瑠哀 ~フランスにて~
「そんなことは、わかっているよ。

そのあざの具合から言って、できたのは一週間ほど前だろう。

最初に流れた血が褐色し始めている。

だが、その時、君は俺と一緒にいた。

そうなると、それより前、と言うことになる。

君が襲われた時ではない。

あの時の君は怪我などしていなかった。

それより後で、俺が君のモーテルに行く前だな」


 勘が鋭いだけではなくて、頭も切れる男だとは、彼を少し甘く見過ぎていたかもしれない。


「……最初に会った日よ。

レストランを出て、モーテルに一度戻ったら、尾けられていたの。

逃げる途中で、階段から落ちたわ」

「落とされたのか?」

「そういうことになるわね。

私に伸し掛かってきて、上から転がり落ちたの」

「だから、エッフェル塔で会わなかったのか」


 瑠哀は顔を上げて朔也を見る。


「待っていたんだ。

君に会おうと思って、ね。

言っただろ、君を探していた、って。

ピエールが君のピアスを預かっている」

「レストランの入り口で落としたんだよ。
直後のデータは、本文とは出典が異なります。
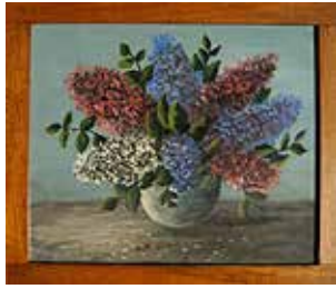
Josef Reiter, Flieder in Vase
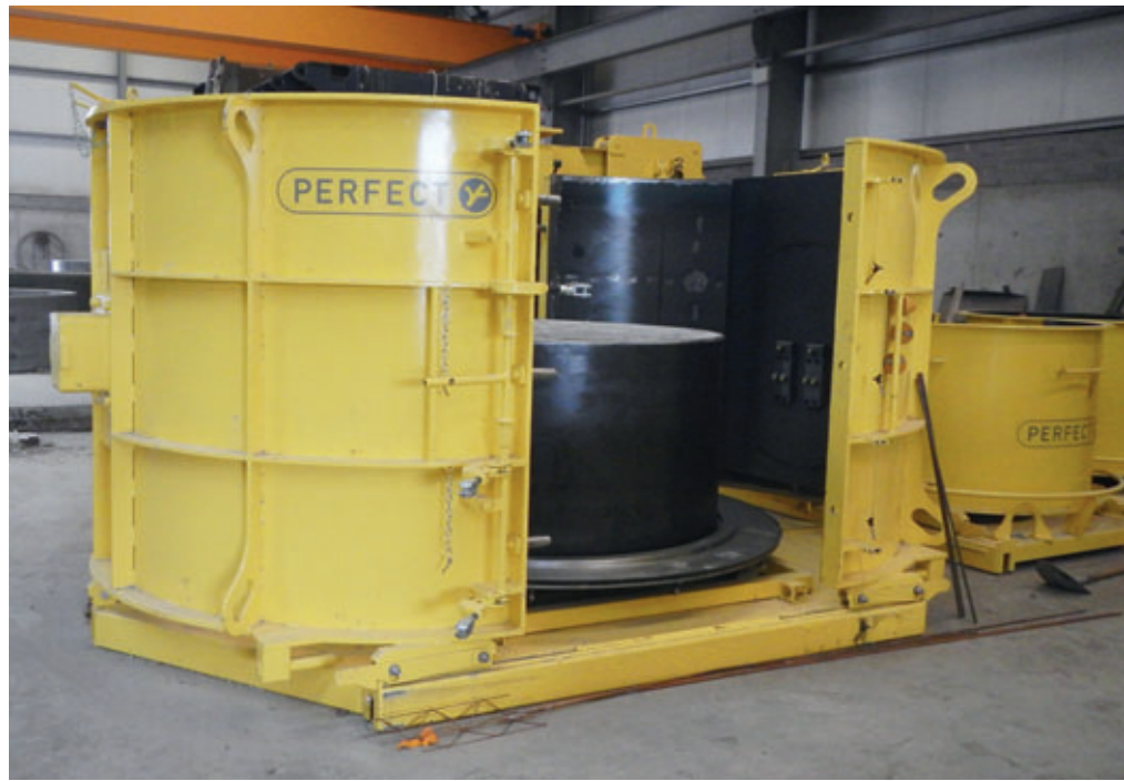
Con un diámetro de 1800 mm, Tracey Concrete fabrica bases de pozos de hormigón a medida utilizando moldes de EPS.
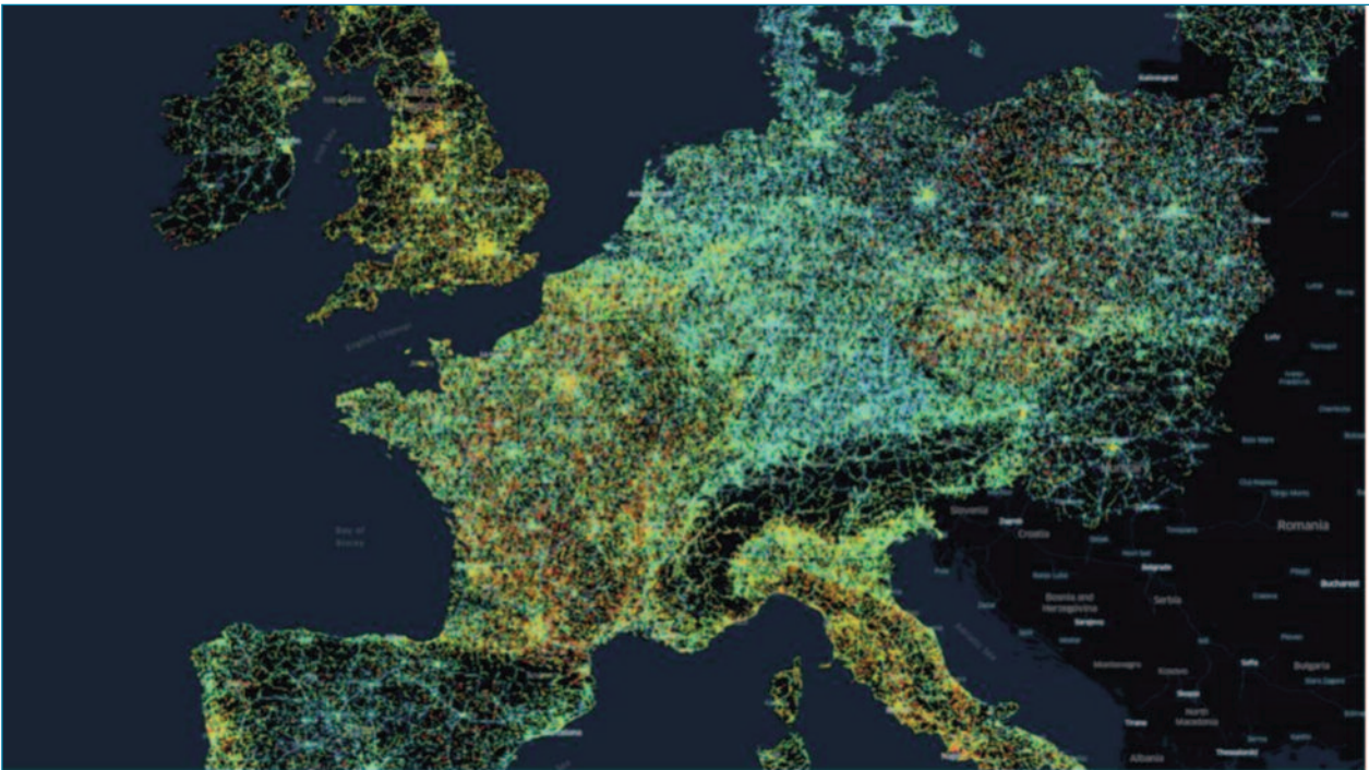
Densidad de la toma de datos procedentes de vehículos.

dría ser el equivalente a que cada x años se cambiase el método de medida, sustituyendo el IRI por otro parámetro. En este caso, al menos nos quedaría el recurso de hacer estudios de correlación entre parámetros de medida, pero si la información proviene de los fabrican-

ウェイターが拾って、届けに来た」

「あの…ピアス?

――失くしたんだと、思っていたの。

レストランにあったのね。

良かった、気に入っていたものだったから」

「エッフェル塔に来れなかったのか?」

「気が付いたら、病院だったわ。

脳震盪で倒れている所を発見されたの」


 朔也もピエールも、唖然としたように口を開けた。